Unless you stop making comments like that, I will never upvote a comment you write ever again.
^that is certainly more 'toxic' than:
I disagree with your point. I think disagreements and negotiation with an employer are fine (to your point, one can even use the threat of quitting as part of said negotiation), but ultimatums just serve as an opportunity for the giver to imply that they have more power than the receiver, which is 'toxic' behavior
I have no strong opinion on Gebru, but... it's so easy for a random person to make a throwaway account on Reddit, and these comments don't have any specific info to suggest they are anything more than that.
One of the replies further down had a more concrete example. I did not see any Googlers refute it:
To give a concrete example of what it is like to work with her I will describe something that has not come to light until now. When GPT-3 came out a discussion thread was started in the brain papers group. Timnit was one of the first to respond with some of her thoughts. Almost immediately a very high profile figure has also also responded with his thoughts. He is not Lecun or Dean but he is close. What followed for the rest of the thread was Timnit blasting privileged white men for ignoring the voice of a black woman. Nevermind that it was painfully clear they were writing their responses at the same time. Message after message she would blast both the high profile figure and anyone who so much as implied it could have been a misunderstanding. In the end everyone just bent over backwards apologizing to her and the thread was abandoned along with the whole brain papers group which was relatively active up to that point. She has effectively robbed thousands of colleagues of insights into their seniors thought process just because she didn't immediately get attention.
The thread is still up there so any googler can see it for themselves and verify I am telling the truth.
> I do believe she actually thinks she is making the world a better place but in reality any interaction with her has been incredibly stressful having to carefully weigh every move made in her presence.
What if what some vocal minority advocates say is correct, and they have to carefully weigh every move they make, throughout their whole lives? If living that carefully is incredibly stressful, what percentage chance of it being the lived experience of minorities in tech justifies someone fighting aggressively to make things easier for minorities?
I agree this is a difficult spot to be put in: be quiet (or nice) and nothing changes, or be loud and aggressive so that people are forced to take notice. I don't wish that kind of double-bind on anybody.
In this position, some people seem to find a third alternative: be fierce and yet unflinchingly kind.
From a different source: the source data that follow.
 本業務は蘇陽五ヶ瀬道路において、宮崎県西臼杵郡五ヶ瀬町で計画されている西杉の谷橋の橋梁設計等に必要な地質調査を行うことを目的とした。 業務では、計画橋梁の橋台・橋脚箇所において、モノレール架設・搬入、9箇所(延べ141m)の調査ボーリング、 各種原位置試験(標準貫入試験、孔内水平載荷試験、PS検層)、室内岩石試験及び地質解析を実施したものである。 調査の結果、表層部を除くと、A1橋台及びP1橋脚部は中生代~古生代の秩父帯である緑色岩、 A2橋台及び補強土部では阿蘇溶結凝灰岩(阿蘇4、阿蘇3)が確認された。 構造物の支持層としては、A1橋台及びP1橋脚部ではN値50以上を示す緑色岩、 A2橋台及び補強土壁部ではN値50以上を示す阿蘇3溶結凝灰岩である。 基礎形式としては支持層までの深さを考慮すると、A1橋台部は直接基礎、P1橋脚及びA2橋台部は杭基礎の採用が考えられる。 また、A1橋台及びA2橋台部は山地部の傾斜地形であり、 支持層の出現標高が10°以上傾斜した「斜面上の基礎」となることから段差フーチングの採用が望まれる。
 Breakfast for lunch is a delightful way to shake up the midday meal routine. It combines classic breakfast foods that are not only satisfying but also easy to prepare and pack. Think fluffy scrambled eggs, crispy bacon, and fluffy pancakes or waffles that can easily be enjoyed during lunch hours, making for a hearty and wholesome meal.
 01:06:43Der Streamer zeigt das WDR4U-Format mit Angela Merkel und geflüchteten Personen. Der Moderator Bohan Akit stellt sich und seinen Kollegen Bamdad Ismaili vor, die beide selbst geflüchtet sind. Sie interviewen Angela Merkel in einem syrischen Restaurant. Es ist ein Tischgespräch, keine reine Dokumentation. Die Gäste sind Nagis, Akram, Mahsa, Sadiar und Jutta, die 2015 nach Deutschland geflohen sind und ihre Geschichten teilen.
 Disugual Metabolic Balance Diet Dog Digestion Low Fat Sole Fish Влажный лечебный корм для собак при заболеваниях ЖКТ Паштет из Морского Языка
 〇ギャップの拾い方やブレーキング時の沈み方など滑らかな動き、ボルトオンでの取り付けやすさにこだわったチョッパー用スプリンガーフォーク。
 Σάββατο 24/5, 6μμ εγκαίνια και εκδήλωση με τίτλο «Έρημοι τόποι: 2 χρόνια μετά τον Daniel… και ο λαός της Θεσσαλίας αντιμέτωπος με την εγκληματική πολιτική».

Make a lot of noise, but be charitable with your opponents so that their good side has the opportunity to come out. People change on their own time. We can't force it.
Truth be told, it takes considerable wisdom to pull this off, and it's unfair to expect that of most people. But the alternative is to become increasingly bitter and caustic. That ends up making you feel increasingly self-righteous, but also increasingly isolated (which then feeds the self-righteousness, in a vicious cycle). It doesn't actually help the cause.
She doesn't deserve contempt for falling into that trap. Like all of us, she deserves compassion. But it's okay to point out that her behavior is unhelpful. We, too, should not fall into the double bind of keeping quiet about it versus responding aggressively. We can be kind and firm.
https://twitter.com/timnitGebru/status/1278565265135906816?t...
I just cannot imagine calling someone in your company out like that on a public platform, especially for the crime of not speaking. Both are seniors and that behavior seemed anything but, to me anyway.